(Data entries)

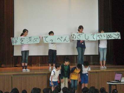 「絆を深めて てっぺんめざして やりぬこう」です。
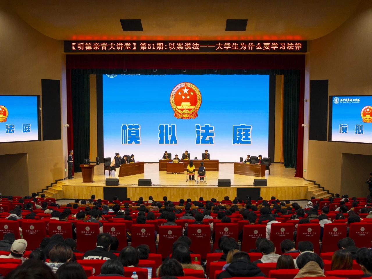 2024年12月4日,马克思主义学院联合校团委在四季廊桥报告厅开展了宪法宣传周系列讲座暨模拟法庭活动:以案说法——大学生为什么要学习法律。
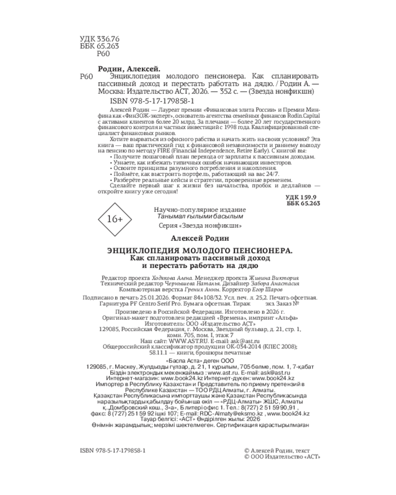 💳 Оплатить за товар можно при получении 🇰🇿 Есть бесплатная доставка по Казахстану от 1 дня 🎁 Копите бонусы с каждой покупки Серия: Звезда нонфикшн Алексей Родин — лауреат премии «Финансовая элита России» и Премии Минфина как «ФинЗОЖ-эксперт», основатель агентства семейных финансов Rodin.Capital с активами клиентов более 20 млрд. За плечами — более 20 лет государственного финансового контроля и частных инвестиций с 1998 года. Квалифицированный специалист финансовых рынков. |
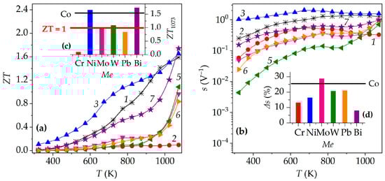 The self-compatibility factor values (s) of the ceramics studied increased at temperature increasing and within temperature interval 673–873 K slightly vary (except for Na0.89Co0.90Cr0.10O2 compound) (Figure 6b), and dimensionless relative self-compatibility factor (Δs) of Na0.89Co0.90Me0.10O2 layered cobaltites within 673–873 K varies within 8–29% (Figure 6d), which is, in the whole, less than for the Mg2Si0.6−ySn0.4Sby (25–40%) thermoelectric alloy [] and states the good self-compatibility of the obtained in this work thermoelectric oxide ceramics. Note, that Δs values for the doped sodium cobaltites, except Na0.89Co0.90Mo0.10O2, were less (8–21%) than for the base layered sodium cobaltite (26%), which shows the effectiveness of doping of Na0.89CoO2 by transition or heavy metal oxides in increasing of its self-compatibility.
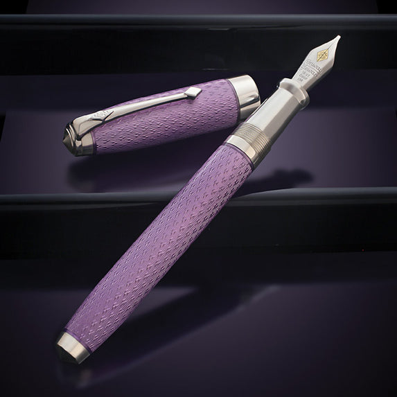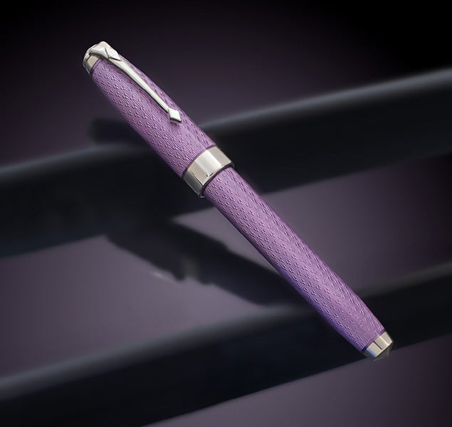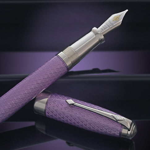 Lovingly constructed of hallmarked solid sterling silver, the Elizabeth Garrett Anderson pen has been designed in the style of Fabergé, with a highly detailed guilloche fox-head pattern engraved on the cap and body. It is skilfully covered with vibrant bonded enamel in a delicate shade of lavender. This exquisite pen shows all the characteristics necessary for becoming a modern design classic.
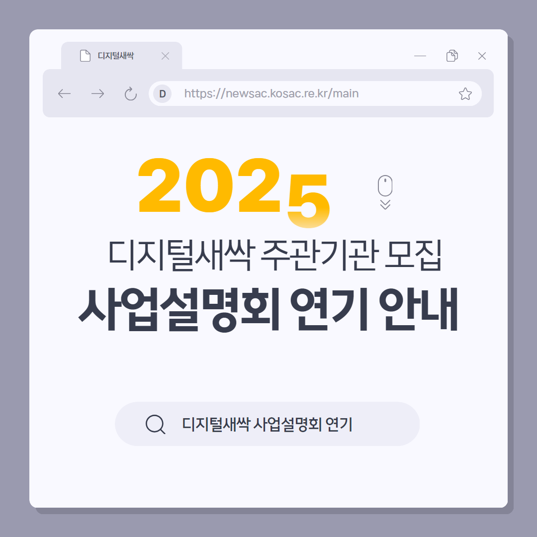 2025년 1월 23일(목)에 예정되었던 '디지털새싹 사업 주관기관 모집 설명회'가 내부 사정으로 인해 연기(3월 중 개최 예정)되었음을 알려드립니다. 변경된 설명회 일정은 추후 확정되는 대로 재공지할 예정이며, 설명회를 기다려 주신 관계자 여러분들께 불편을 끼치게 된 점 진심으로 사과드립니다.
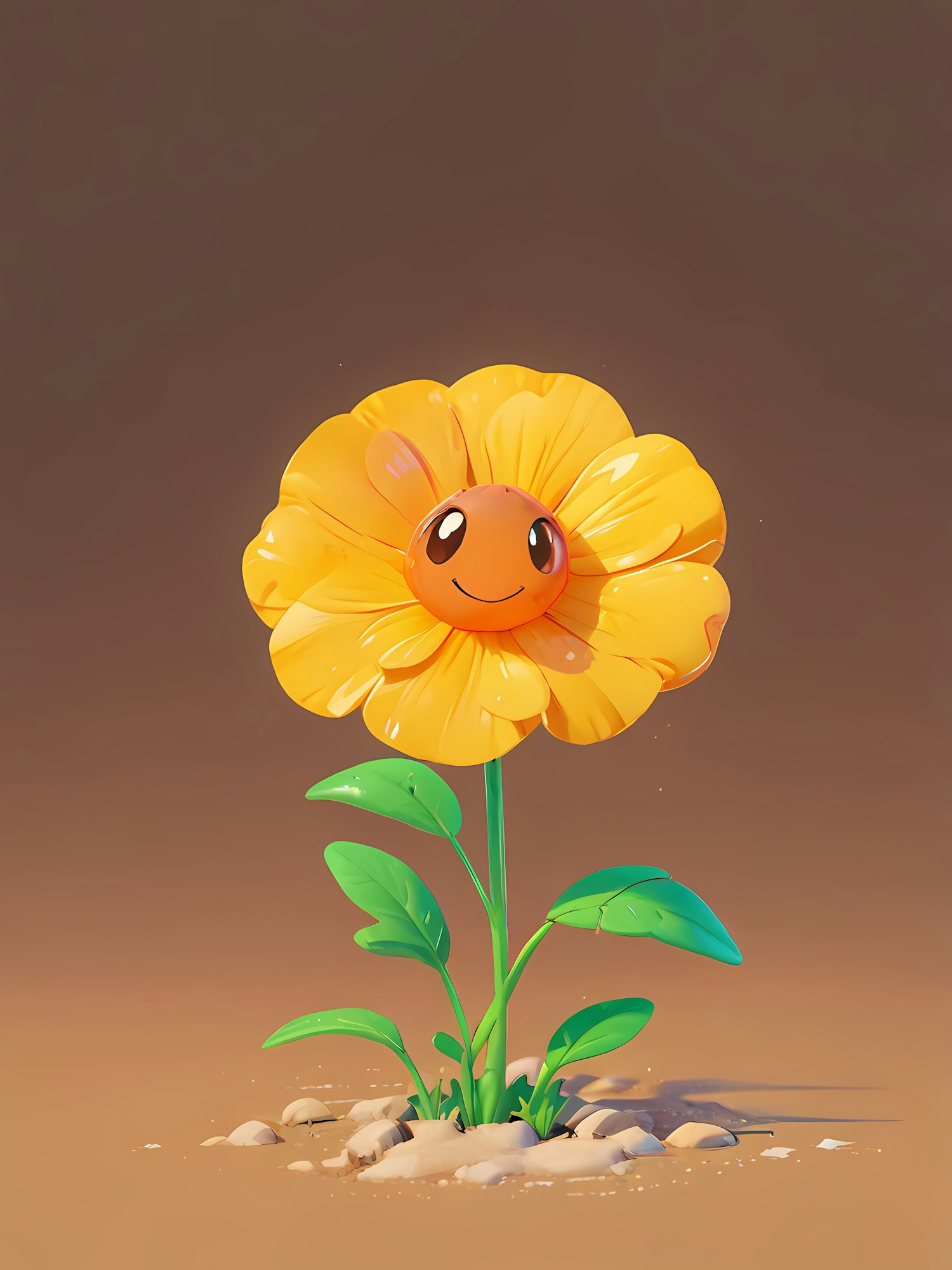 A cute yellow flower with a smiling face, glossy petals, and green leaves, set against a soft brown background. Whimsical and cheerful!
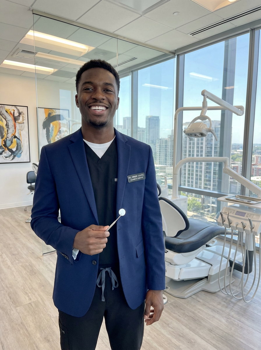 model as cosmetic dentist, stylish professional attire, bright perfect smile, upscale dental office
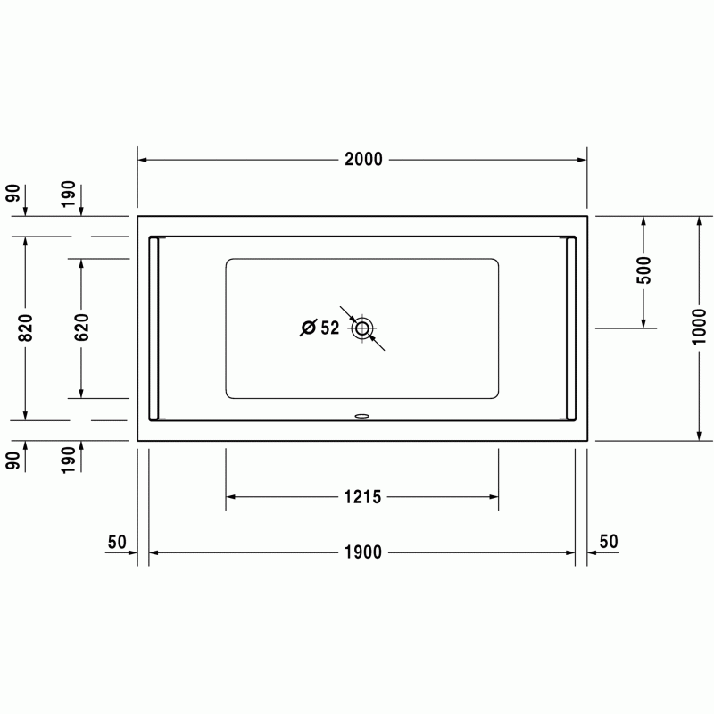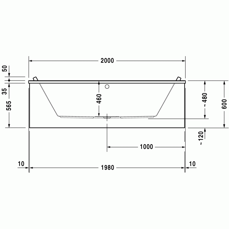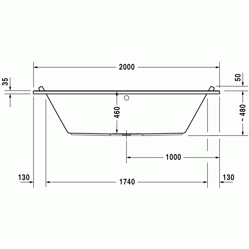 Duravit Starck ванна прямоугольная 200 см. Характеристики ванны:Ширина100 смГлубина46 смДлина200 смОбъем384 лВес39,5 кгМатериал: санитарный акрил
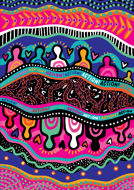 Reconciliation Australia’s Zoe Cassim caught up with the very humble and very talented Jessica Johnson—the artist behind Reconciliation Australia’s NRW 2021 poster Action—to talk all things art, society, and why the next generation are leading the way for present day positive change in the reconciliation space.
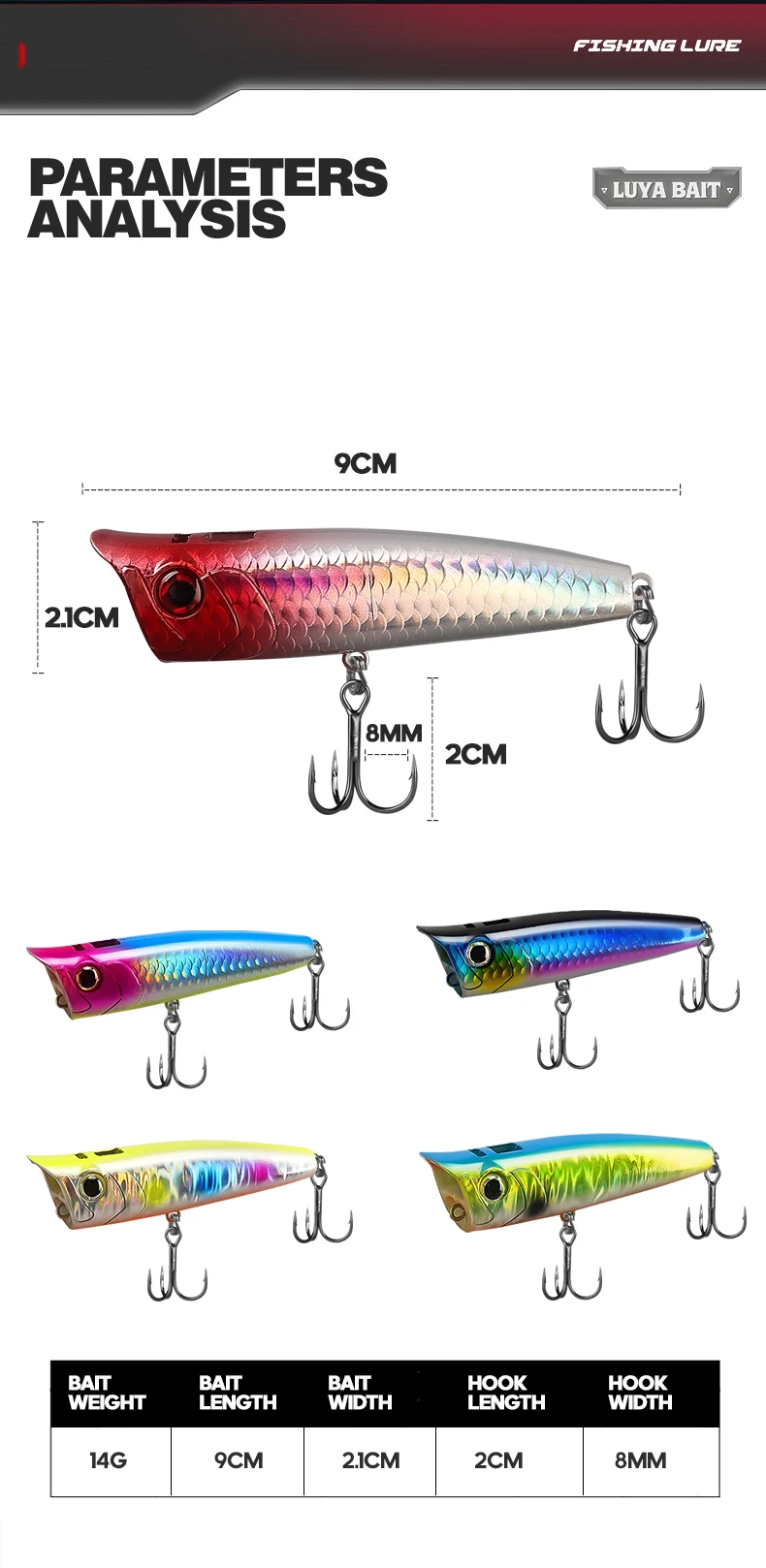 Señuelos de pesca TAIYU 14g 9cm Topwater Popper Wobbler Artificial cebos duros coloridos agua dulce/agua salada señuelo de pesca de gran ruido
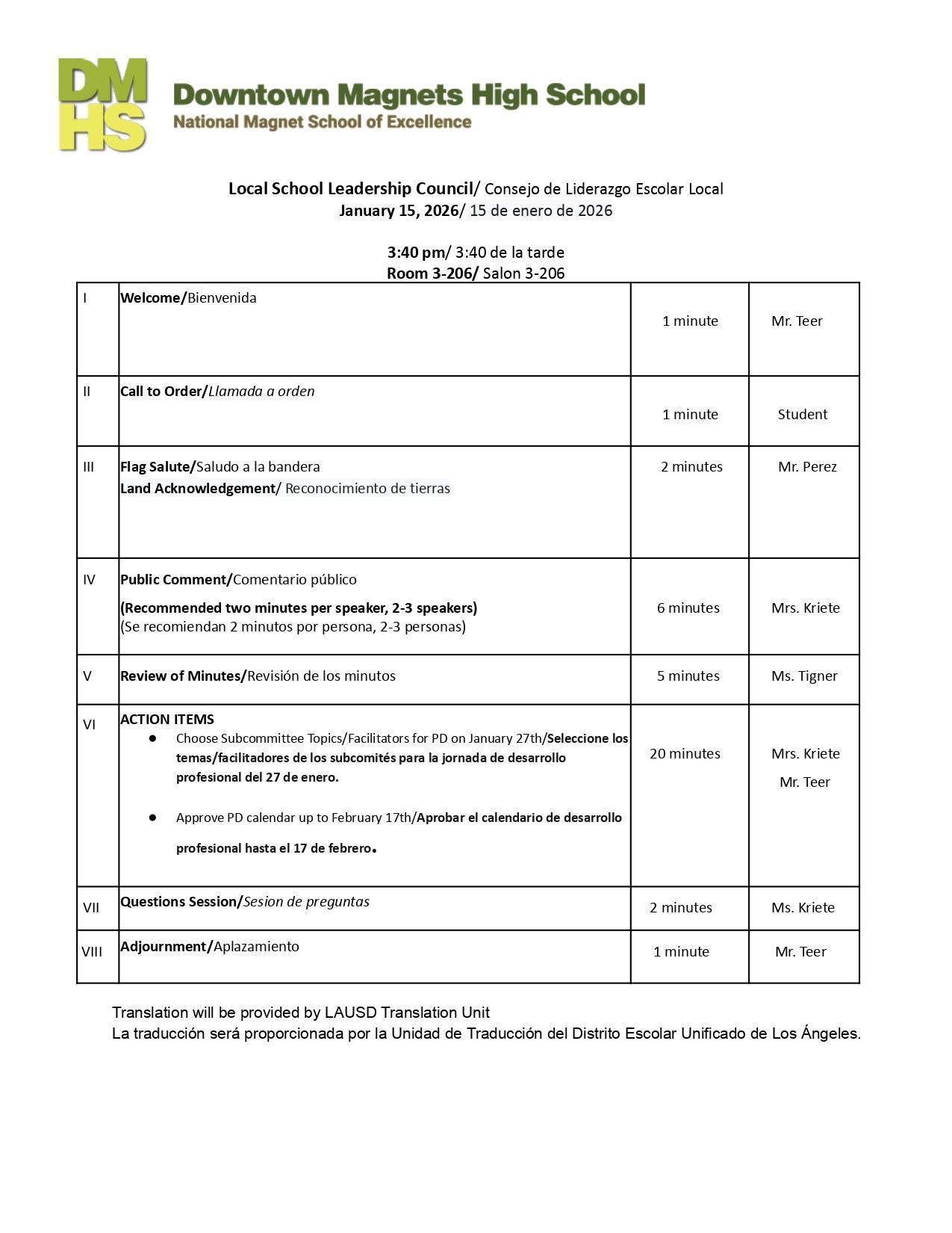 Local School Leadership Council/ Consejo de Liderazgo Escolar Local

Task objective: Set down word for word the lines from the opening of the entries above through the line that contains "финансовых рынков. |", and omit every picture.

Result below:
 「絆を深めて てっぺんめざして やりぬこう」です。
 2024年12月4日,马克思主义学院联合校团委在四季廊桥报告厅开展了宪法宣传周系列讲座暨模拟法庭活动:以案说法——大学生为什么要学习法律。
 💳 Оплатить за товар можно при получении 🇰🇿 Есть бесплатная доставка по Казахстану от 1 дня 🎁 Копите бонусы с каждой покупки Серия: Звезда нонфикшн Алексей Родин — лауреат премии «Финансовая элита России» и Премии Минфина как «ФинЗОЖ-эксперт», основатель агентства семейных финансов Rodin.Capital с активами клиентов более 20 млрд. За плечами — более 20 лет государственного финансового контроля и частных инвестиций с 1998 года. Квалифицированный специалист финансовых рынков. |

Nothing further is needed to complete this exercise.